Gender dysphoria is a condition characterized by distress due to a mismatch between a person's gender identity and their assigned gender at birth. This study aimed to compare sexual satisfaction and complication rates in patients undergoing feminizing gender affirming surgery (fem-GAS) using two techniques: standard penile inversion vaginoplasty (PIV) and robotic peritoneal vaginoplasty (RPGAV).
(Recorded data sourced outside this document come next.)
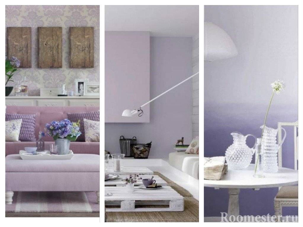Для гостиной или зала можно выбрать насыщенный сиреневый цвет – в таком случае она станет ярким акцентом всей квартиры/дома. Например, выделить им часть стены, разместив на ней семейные фотокарточки. Разбавить его можно менее контрастными оттенками сиреневого и же любым другим сочетающимся с ним цветом.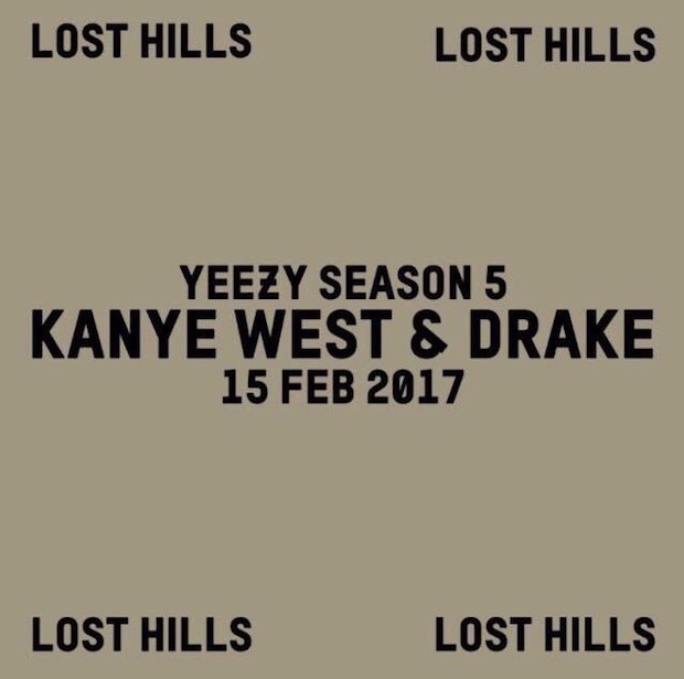 Kanye West and Drake have been teasing a collaborative album for a while now, and it looks like material from the two rappers may finally come to fruition. Today is West's Yeezy Season 5 show during New York Fashion Week, and, as FACT points out, GQ writer Jake Woolf posted some merch last night that had the words Lost Hills on it, and followed that up with an invite to the show that teases a "Kanye West & Drake" pairing.It's unclear exactly what it will entail, but he makes an "assumption it's just the release of a single," mostly because Drake is still in the UK on tour. (That's also why he missed this past weekend's Grammys. Kanye just didn't want to go.)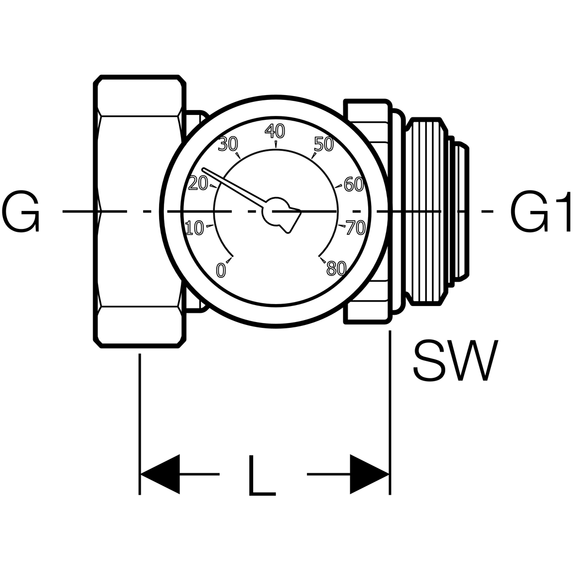 Різьбовий ніпель Geberit з гайкою та термометром: G1 1/4" нікельований 652.419.22.1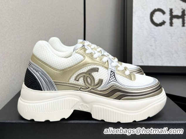 Top Design Chanel Calfskin Leather and Mesh Platform Sneakers White/Gold 2025 CH110104 1101037

We conducted a retrospective analysis data from a prospective registry (2017-2022). All patients had at least two years of hormone therapy. Sexual satisfaction was evaluated one year postoperatively using a custom Likert scale-based questionnaire developed in collaboration with our psychosexologist. We also performed a non-systematic review of the literature on sexual outcomes following LPGAV and RPGAV. We included 19 patients (PIV = 11; RPGAV = 8). Median age at surgery was 32 years. No significant differences were observed between groups regarding preoperative characteristics or complication rates. One Clavien-Dindo grade >3b complication occurred in RPGAV group. Compared to the PIV group, patients in the RPGAV group reported significantly (p = 0.04) higher improvement in "quality of sexual intercourse" (87.5 vs. 27.3%) and "overall sexual satisfaction" (87.5 vs. 27.3%). No significant differences were found in orgasm quality, speed, or erogenous sensitivity. Although literature data on sexual outcomes remain limited, RPGAV may provide better satisfaction, particularly regarding vaginal width, depth, and lubrication, with similar complication rates. Although our study is limited by its small sample size and retrospective design, it represents the first direct comparison between these techniques. Larger prospective studies are needed to confirm these findings.

摘要

性别焦虑症是一种由于个人的性别认同与出生时被指定的性别不匹配而导致痛苦的病症。本研究旨在比较采用两种技术进行女性化性别确认手术(fem-GAS)的患者的性满意度和并发症发生率:标准阴茎倒置阴道成形术(PIV)和机器人腹膜阴道成形术(RPGAV)。我们对来自前瞻性登记处(2017 - 2022年)的数据进行了回顾性分析。所有患者均接受了至少两年的激素治疗。术后一年,使用与我们的性心理专家合作开发的基于李克特量表的定制问卷对性满意度进行评估。我们还对关于LPGAV和RPGAV术后性结果的文献进行了非系统性综述。我们纳入了19名患者(PIV = 11;RPGAV = 8)。手术时的中位年龄为32岁。两组在术前特征或并发症发生率方面未观察到显著差异。RPGAV组发生了1例Clavien-Dindo分级>3b的并发症。与PIV组相比,RPGAV组患者在“性交质量”(87.5%对27.3%)和“总体性满意度”(87.5%对27.3%)方面的改善显著更高(p = 0.04)。在性高潮质量、速度或性感敏度方面未发现显著差异。尽管关于性结果的文献数据仍然有限,但RPGAV可能提供更好的满意度,特别是在阴道宽度、深度和润滑方面,且并发症发生率相似。尽管我们的研究受到样本量小和回顾性设计的限制,但它代表了这两种技术之间的首次直接比较。需要更大规模的前瞻性研究来证实这些发现。